_Work to be completed_
Using the listing below, please print exactly the lines from the one with "This square sketchbook" through the one with "Dark Green Handloom". Leave out every picture.

>>>

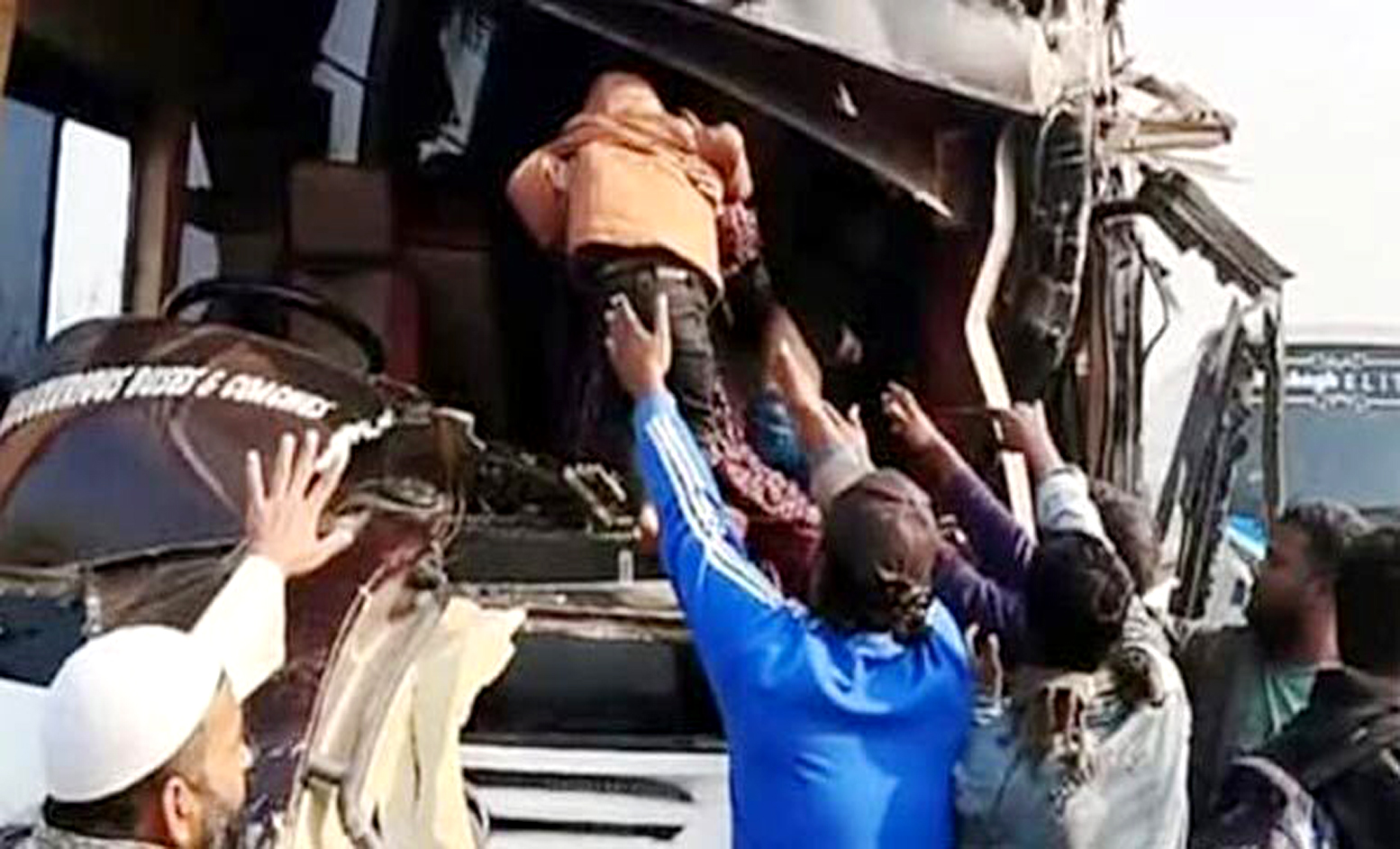 প্রত্যক্ষদর্শীরা জানায়, মাওয়াগামী গ্রীন ঢাকা পরিবহনে পেছন থেকে সুরভি পরিবহন নামের একটি যাত্রীবাহী বাস ধাক্কা দেয়। এতে গ্রীন ঢাকা পরিবহনটি নিয়ন্ত্রণ হারিয়ে তার সামনে থাকা সড়ক নিরাপত্তা ও রক্ষণাবেক্ষণ কাজে নিয়োজিত পেট্রোল গাড়ির পেছনে ধাক্কা দেয়। এসময় সুরভি পরিবহনের ১০-১২ জন গুরুতর আহত হন।
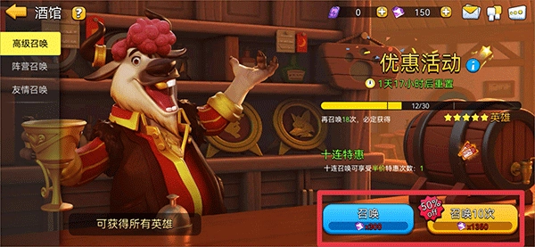 游戏里有许多能收集的英雄角色,你可以用召唤卡或者钻石在酒馆里抽取新角色。
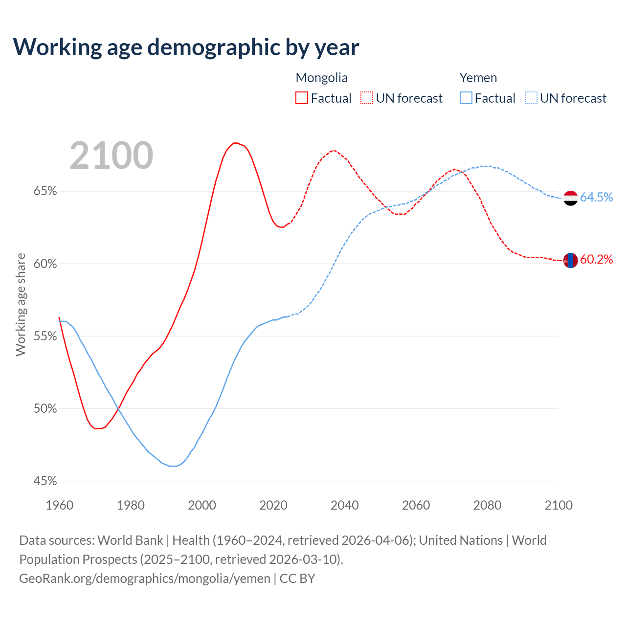 The share of older people aged 65 and over is 5.14% in Mongolia and 2.52% in Yemen. Life expectancy in Mongolia compared to Yemen .
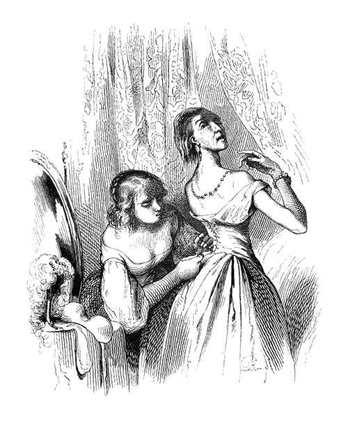 The caption reads in the original French: L’une est une coquette surannée qui se couche après avoir laissé ses cheveux, ses sourcils et ses dents sur sa toilette.
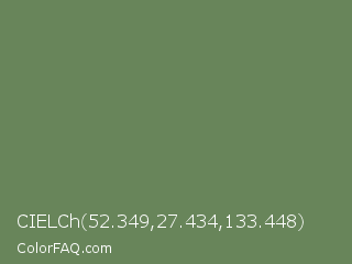 CIELCh 52.349,27.434,133.448 Color is a normal green color and the nearest color is Glade Green #61845f. Hex code #68855a and RGB value is rgb(104,133,90). In RGB color space, this color is composed of 41% red, 52% green, 35% blue, In CMYK color space, this color is composed of 22% cyan, 0% magenta, 32% yellow , 48% black , In HSL color space, this color has a hue angle of 100° , 19% saturation and 44% lightness.
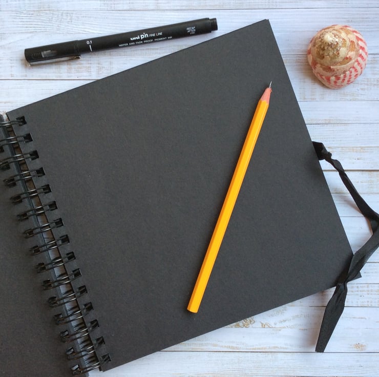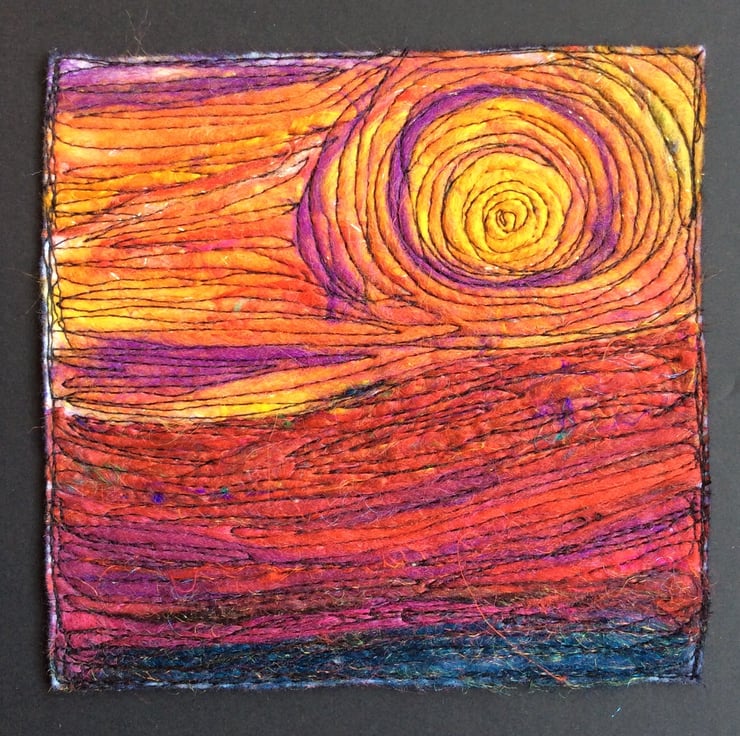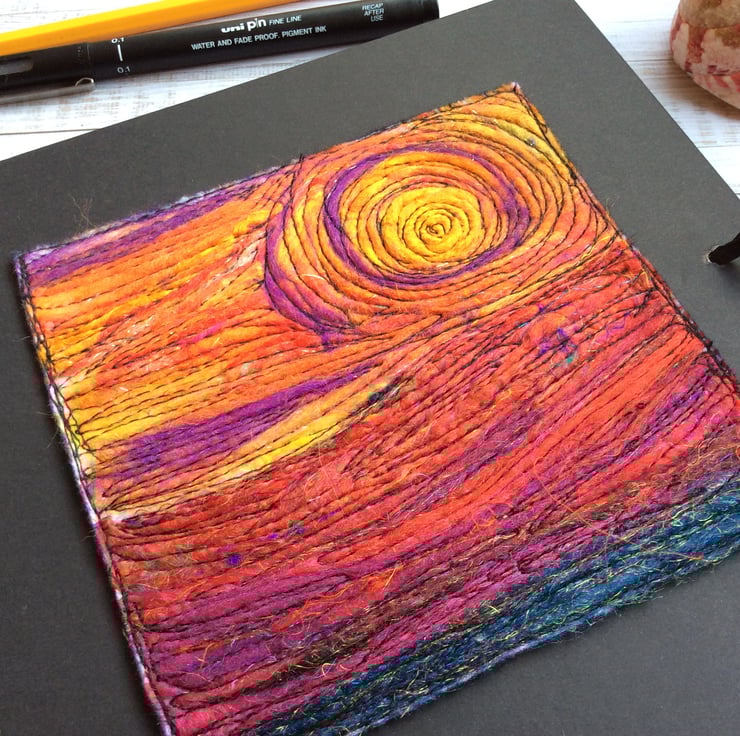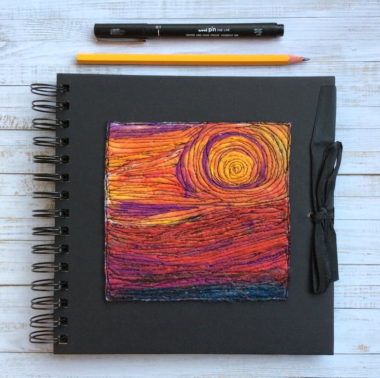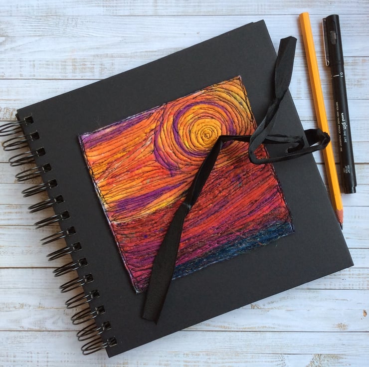 This square sketchbook has black card pages and an embroidered cover. It’s enhanced with an original needle felting free motion embroidery of a sunset landscape. It’s ideal for a photo album, journaling, painting, scrap booking, drawing or any art project. The spiral bound sketchbook is made with 200gsm black card and a strong black cover which measures 19.5 x 19.5cm (8”), and contains 40 pages (80 sides). The cover is held closed by a black ribbon to keep contents safe and tidy. The artwork measures 12.5 x 13cm.
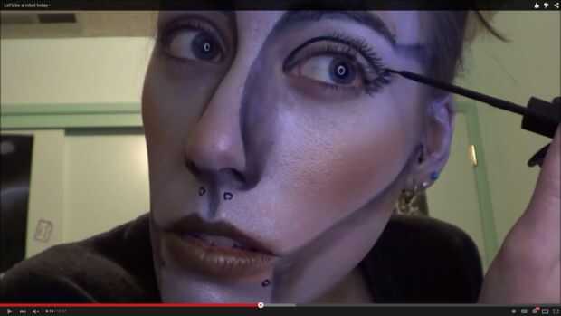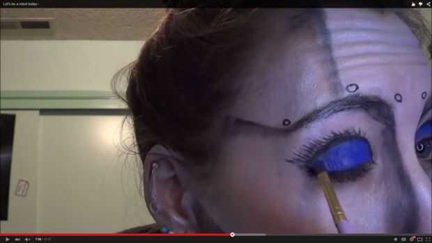 Delinear la forma que desea, añade pestañas, luego color en azul. Agregar una luz azul en el medio para que se vea como está brillando.
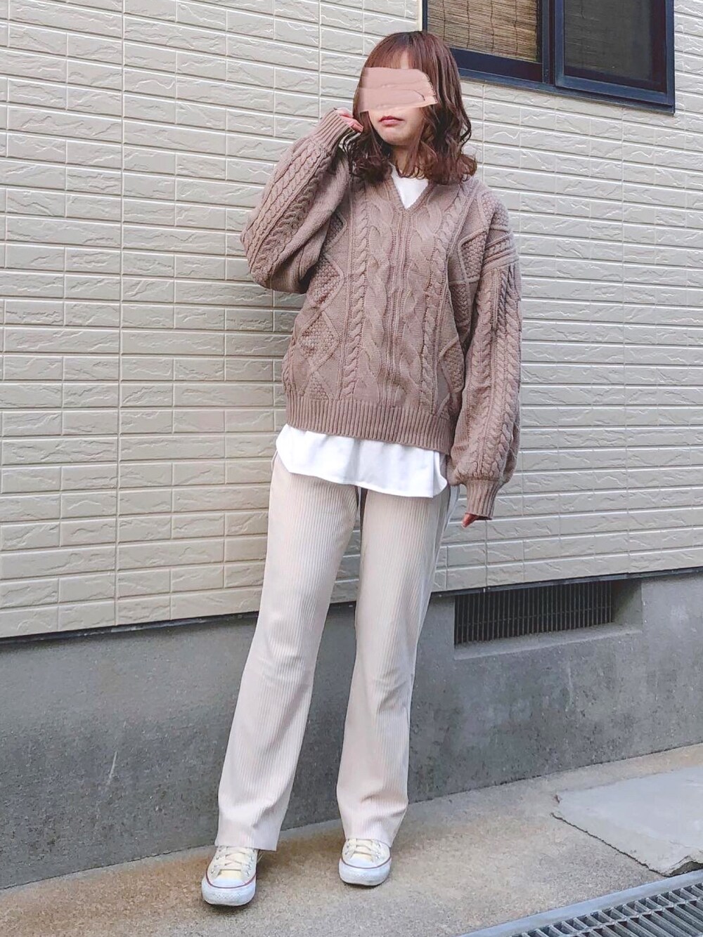 𓂃 𓈒𓏸 ご覧くださり、ありがとうございます🍒 キーネックセーターコーデです👗🌼 白Tシャツをレイヤードしてトレンド感をプラス☺☺ ボトムスはアイボリーのリブパンツ、 足元はコンバースで、 カジュアルながらも淡色でふんわりとした雰囲気にしてみました🐻💘
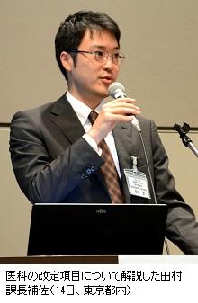 全日本病院協会(全日病)は14日、2016年度の診療報酬改定に関する説明会を開いた。医科の改定項目について解説した厚生労働省保険局医療課の田村圭課長補佐は、DPC制度の機能評価係数IIに新設される「重症度指数」について、「出来高実績点数が高い方が係数自体は高くなるが、医療機関の診療規模のばらつきを埋め合わせるほどのものではない。それが目的でもない」と述べ、医療関係者に理解を求めた。【敦賀陽平】
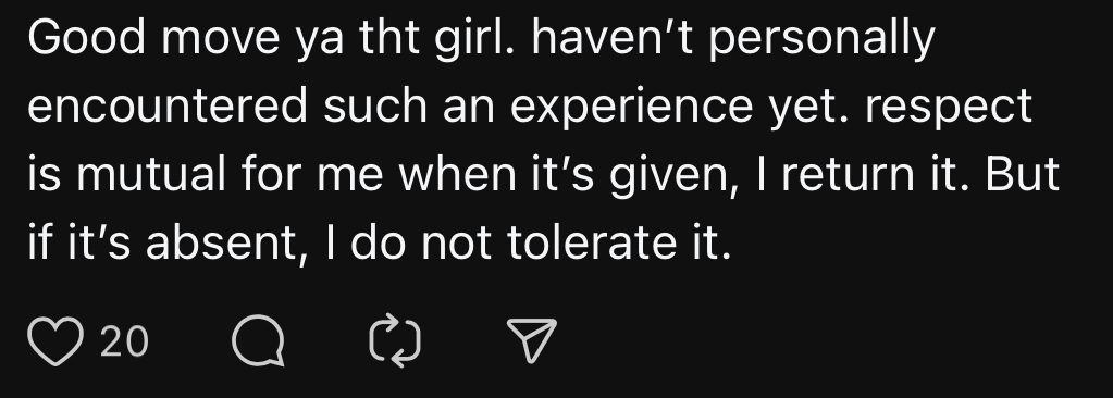 Instead of entertaining his nonsense, the woman coolly stood up, walked to the counter, and settled her own meal only. Before leaving, she told the staff: “Whatever he ate, ask him to pay for himself.”
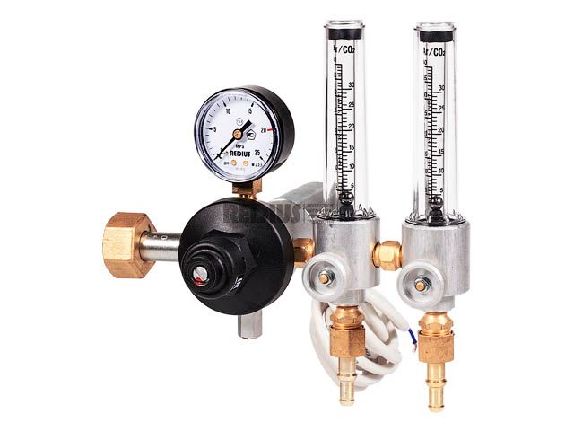Регулятор расхода баллонный одноступенчатый предназначен для понижения и регулирования давления углекислого газа или аргона, поступающего из баллона, и автоматического поддержания постоянного рабочего расхода газа на выходе регулятора в ходе проведения работ. Подогреватель используется для предотвращения замерзания механизмов редуктора при больших расходах газа или при низких температурах окружающей среды. Подогрев осуществляется за счет теплообмена между газом и горячими стенками корпуса подогревателя.
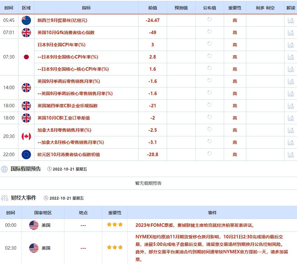 ⑤10月21日(周五)关键字:日本9月CPI,费城联储主席哈克
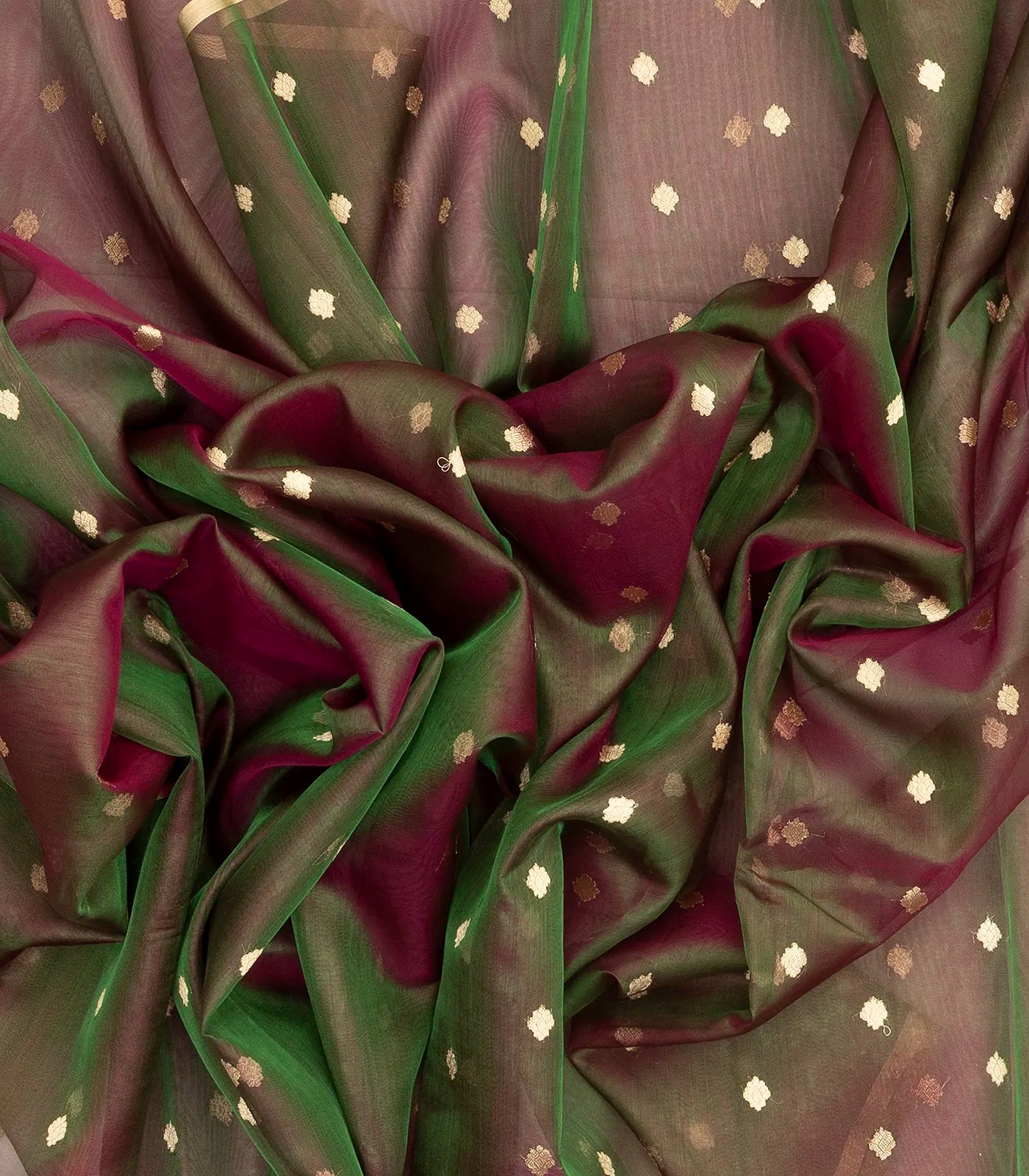 Dark Green Handloom Banarasi Tissue Silk Saree With Floral Motifs-BE1652
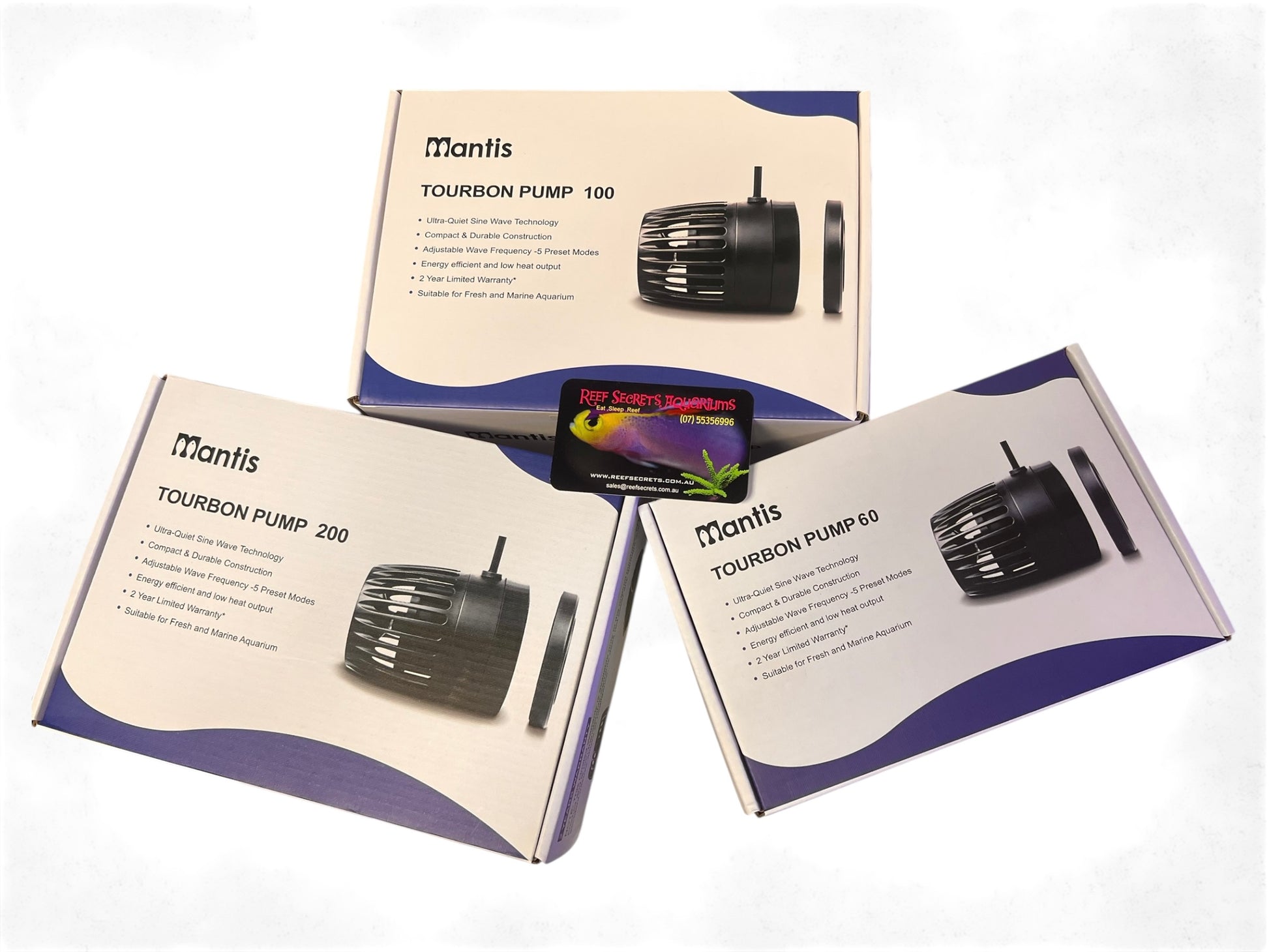 The Mantis Tourbon Pump series delivers customizable water circulation for aquariums of all sizes. Each model features sine wave technology that operates quietly while maintaining energy efficiency and minimal heat generation. Select from five flow modes—constant, stream wave, random, pulsing, and cycle—to match your tank's specific needs. Available in three capacities (60, 100, and 200), these pumps suit both freshwater and marine setups. Every unit includes a power supply, wet-side motor, controller, and mounting magnet, backed by a 2-year limited warranty. Choose the 60 for compact tanks up to 60cm, the 100 for mid-sized aquariums, or the 200 for larger displays requiring maximum circulation.
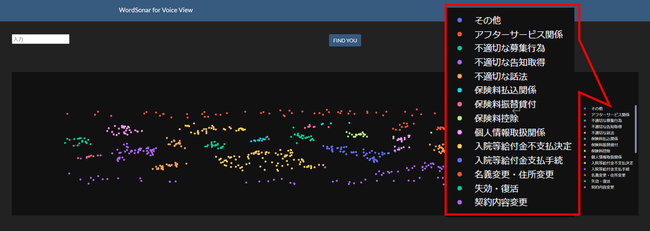 WordSonar for VoiceViewを用いると、生命保険会社に寄せられた“お客さまの声”をこの37の項目ごとにマップ上に分類し(図1)、どの項目が多いか、また項目同士の位置が近く、似た性質を持つため、同時に起こりやすいか等を確認することができます。例えば「保険料払込関係」と「解約手続」という項目は、人の感覚で分類すると性質が異なると考えがちですが、AIによって「保険料が戻ってこない」「保険料を返さない」といった「返金」に関する苦情という類似性を把握し、近い位置にマッピングされます。また類似性を示す具体的な問い合わせの文言を示すことができます(図2)。

<<<

_Exercise result_
 This square sketchbook has black card pages and an embroidered cover. It’s enhanced with an original needle felting free motion embroidery of a sunset landscape. It’s ideal for a photo album, journaling, painting, scrap booking, drawing or any art project. The spiral bound sketchbook is made with 200gsm black card and a strong black cover which measures 19.5 x 19.5cm (8”), and contains 40 pages (80 sides). The cover is held closed by a black ribbon to keep contents safe and tidy. The artwork measures 12.5 x 13cm.
 Delinear la forma que desea, añade pestañas, luego color en azul. Agregar una luz azul en el medio para que se vea como está brillando.
 𓂃 𓈒𓏸 ご覧くださり、ありがとうございます🍒 キーネックセーターコーデです👗🌼 白Tシャツをレイヤードしてトレンド感をプラス☺☺ ボトムスはアイボリーのリブパンツ、 足元はコンバースで、 カジュアルながらも淡色でふんわりとした雰囲気にしてみました🐻💘
 全日本病院協会(全日病)は14日、2016年度の診療報酬改定に関する説明会を開いた。医科の改定項目について解説した厚生労働省保険局医療課の田村圭課長補佐は、DPC制度の機能評価係数IIに新設される「重症度指数」について、「出来高実績点数が高い方が係数自体は高くなるが、医療機関の診療規模のばらつきを埋め合わせるほどのものではない。それが目的でもない」と述べ、医療関係者に理解を求めた。【敦賀陽平】
 Instead of entertaining his nonsense, the woman coolly stood up, walked to the counter, and settled her own meal only. Before leaving, she told the staff: “Whatever he ate, ask him to pay for himself.”
Регулятор расхода баллонный одноступенчатый предназначен для понижения и регулирования давления углекислого газа или аргона, поступающего из баллона, и автоматического поддержания постоянного рабочего расхода газа на выходе регулятора в ходе проведения работ. Подогреватель используется для предотвращения замерзания механизмов редуктора при больших расходах газа или при низких температурах окружающей среды. Подогрев осуществляется за счет теплообмена между газом и горячими стенками корпуса подогревателя.
 ⑤10月21日(周五)关键字:日本9月CPI,费城联储主席哈克
 Dark Green Handloom Banarasi Tissue Silk Saree With Floral Motifs-BE1652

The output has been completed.